Poor little Courtney; I really, really feelz for her (sher or whatever). She works a whole 40 hours 4 whole days a week. In my war it was 24/7, 7 days a week for 15 months. If we were lucky, we were allowed to talk to our parents or loved ones for about five minutes on a MARS radio once or twice per year. Most significantly, she doesn’t have to worry about coming home missing limbs or in a metal casket. Give me a effing break!

Just An Old Dog

Fuck her, Every day I watch 10 hours of Apaches, Fast movers and ambushes taking out Shitbags for on You-tube and I dont get paid a dime.

Sorensen45

10 hours a day, 4 days a week?
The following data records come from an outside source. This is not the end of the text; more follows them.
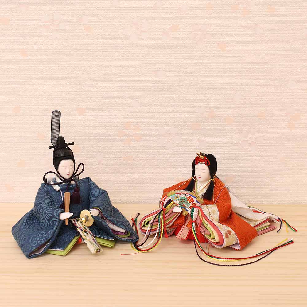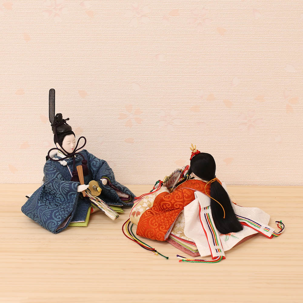フローリング・洋室にも合わせやすく人気な、コンパクト木目込み雛人形 親王飾りです。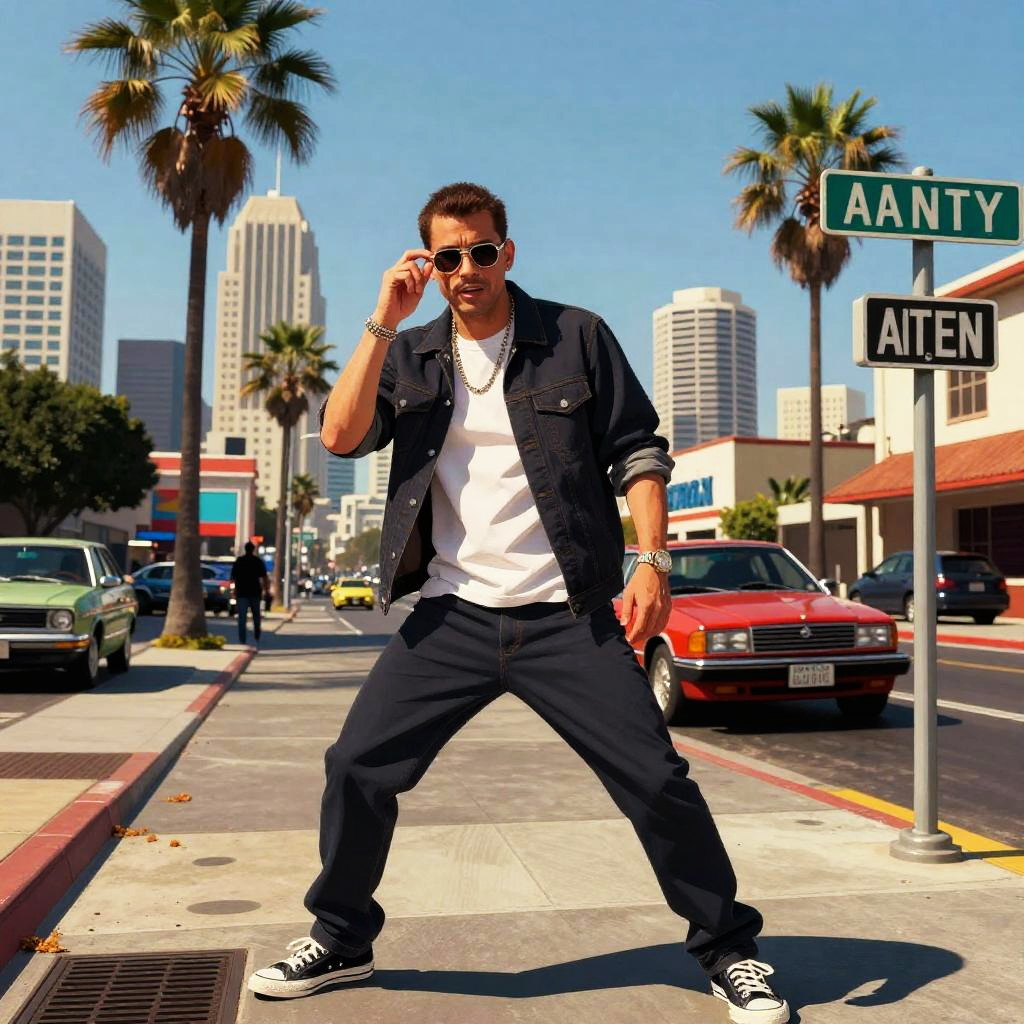 Turn photo into GTA style, comic book inspired, strong chiaroscuro effect, saturated colors with retro 90s gaming feel, urban skyline with palm trees and street signs, dynamic action pose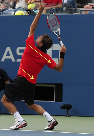 The cocking phase requires a good range of motion (ROM) in the shoulder and spine. Mark Kovacs says that the best servers in the world demonstrate tremendous thoracic mobility. According to Kovacs, "The lower spine should be stable and the upper thoracic spine needs to be flexible. That's the key. So there is a back arch on the pro serve, but not in the lower back " (citation). Bruce Elliott has shown that more range of motion during the racquet drop generates more racquet head speed (7). Poor cocking indicates a need for stretching and mobility training, which can dramatically improve power production. The Kovacs Institute offers many research based programs available online to help improve strength and ROM to improve the serve, and I recommend them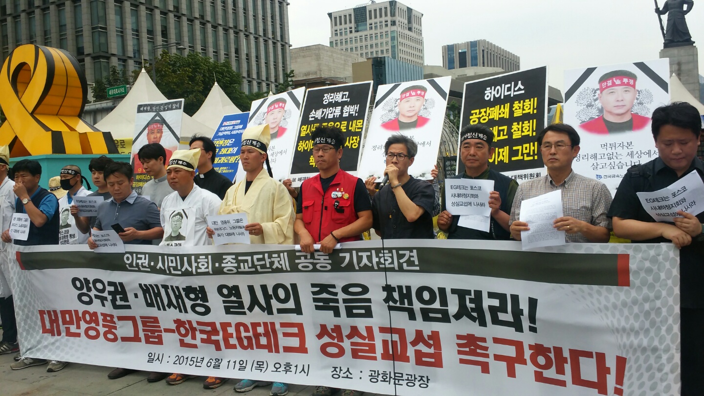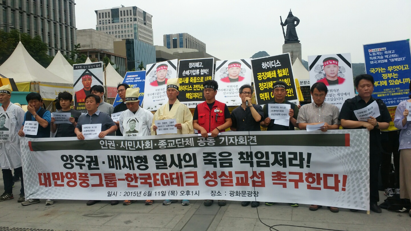 대만 영풍그룹과 한국의 EG테크는 하루라도 빨리 배재형, 양우권 열사 문제를 해결하기 위해 성실교섭에 나서야 합니다. 시민사회와 종교계는 두 노동자의 죽음에 대해, 그리고 노동자를 죽음으로 내몬 기업들의 냉혹한 이윤추구를 더 이상 묵과하지 않을 것입니다. 두 노동자의 죽음이 헛되지 않도록 하겠습니다. 죽어서까지 지키고자 했던 인간의 존엄과 노동의 가치를 함께 지키겠습니다. 두 노동자가 목숨을 버리면서까지 원했던 세상을 우리가 함께 만들어야 할 책임이 있습니다. 인권시민사회와 종교계가 함께하겠습니다.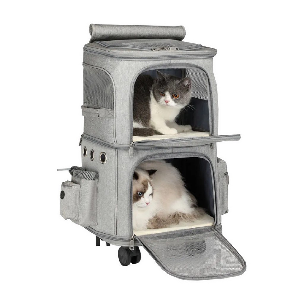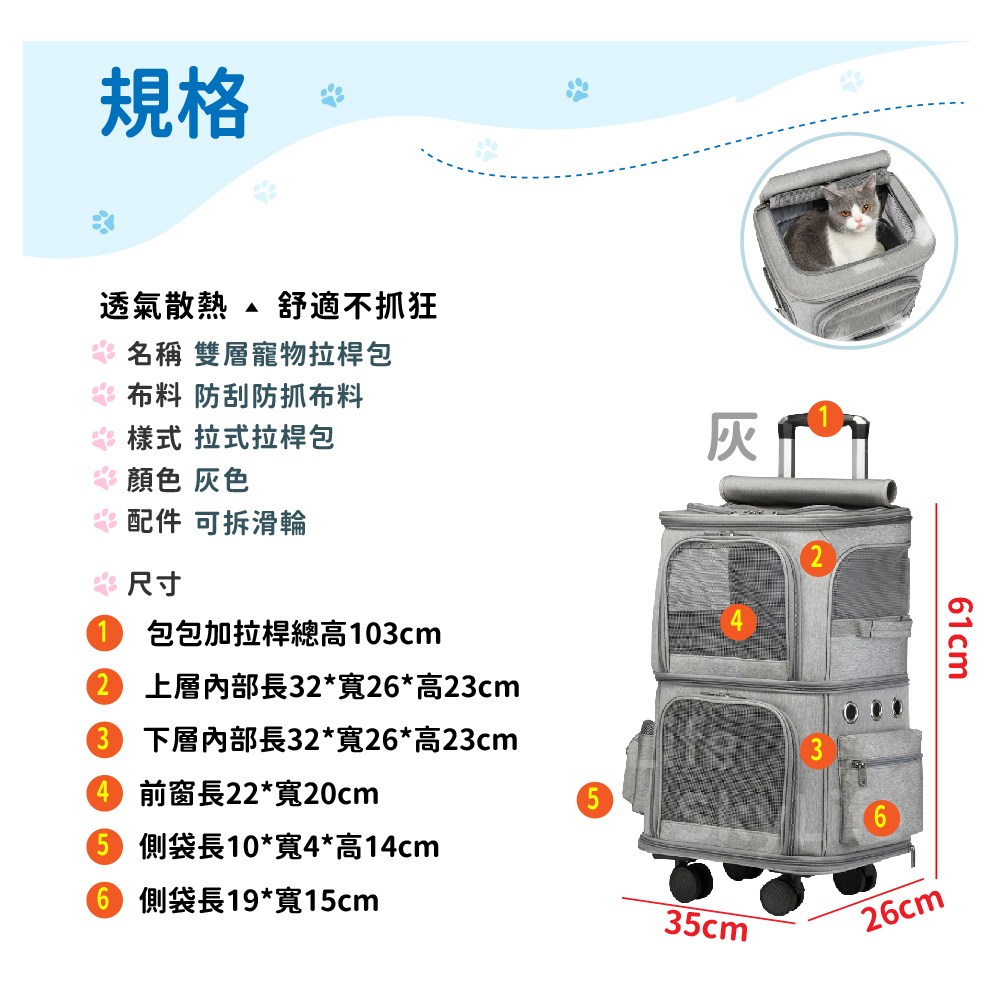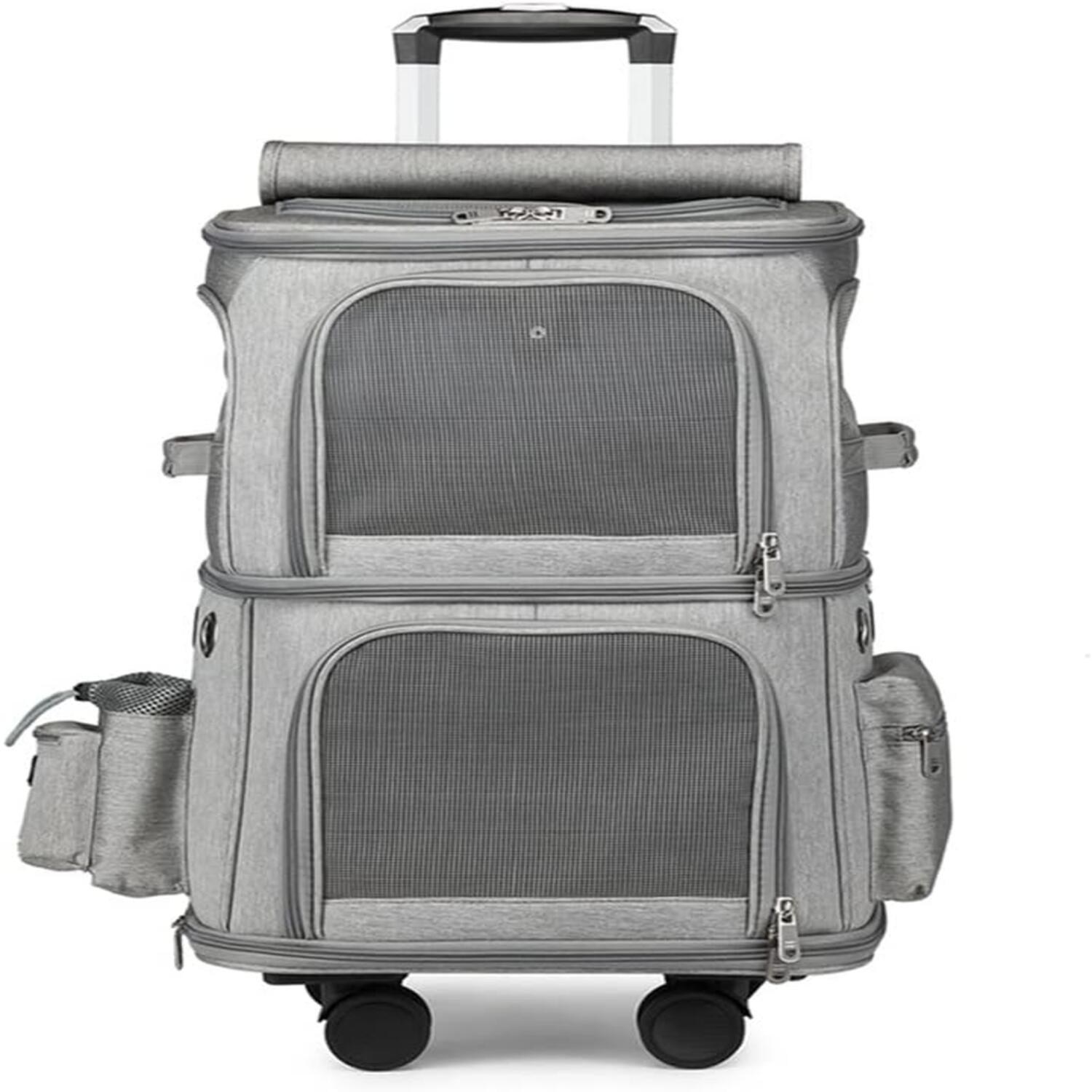 SkyLife 雙層拉桿箱讓您輕鬆帶寵物出遊。這款灰色拉桿箱尺寸為35 x 26 x 61公分,採用耐抓防刮材質,確保寵物在旅途中安全舒適。雙層設計可同時容納兩隻寵物,或將上下層合併為更大的空間。透氣網窗提供良好的空氣流通,可拆卸滑輪方便移動,多個側袋則可收納寵物用品。無論是短途旅行還是長途跋涉,SkyLife 雙層拉桿箱都是您和寵物的理想選擇。
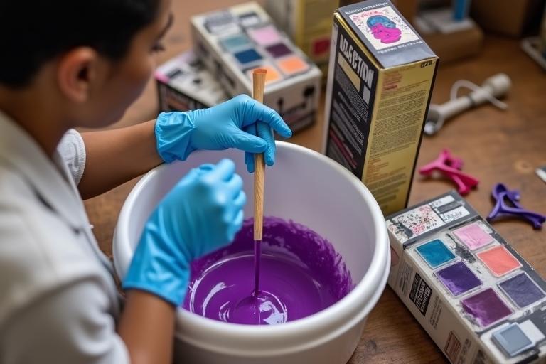 - Mische die Tönung oder Haarfarbe gemäß den Herstellerangaben in einer Schale an.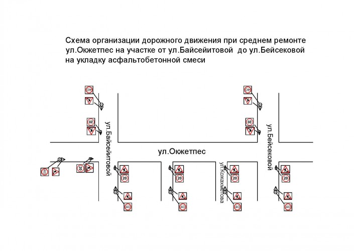 В частности, с 9 по 31 июля ожидается перекрытие движения на улице Б. Бейсекбаева, участок от улицы Тархана до проспекта Абая.

So that’s what, 40 hours a week? That’s how much I work now as a contractor and that’s a vacation compared to the 80-100 hours a week you pull in the Marine Corps, stateside or deployed.

O-4E

The Air Force constantly opens themselves up to jokes and derision for BS like this

One would almost think this is a joke

If one didn’t know the Air Force and a good portion of Airmen

OWB

Add to that the difficulty the media has in accurate reporting and we have no idea if this airman really is a whiner or if she was only portrayed that way. That one is simply impossible for any of us to discern.

Green Thumb

My we should just switch.

I could try their version of drones and they could try “droning” as in Ranger School or long as movements.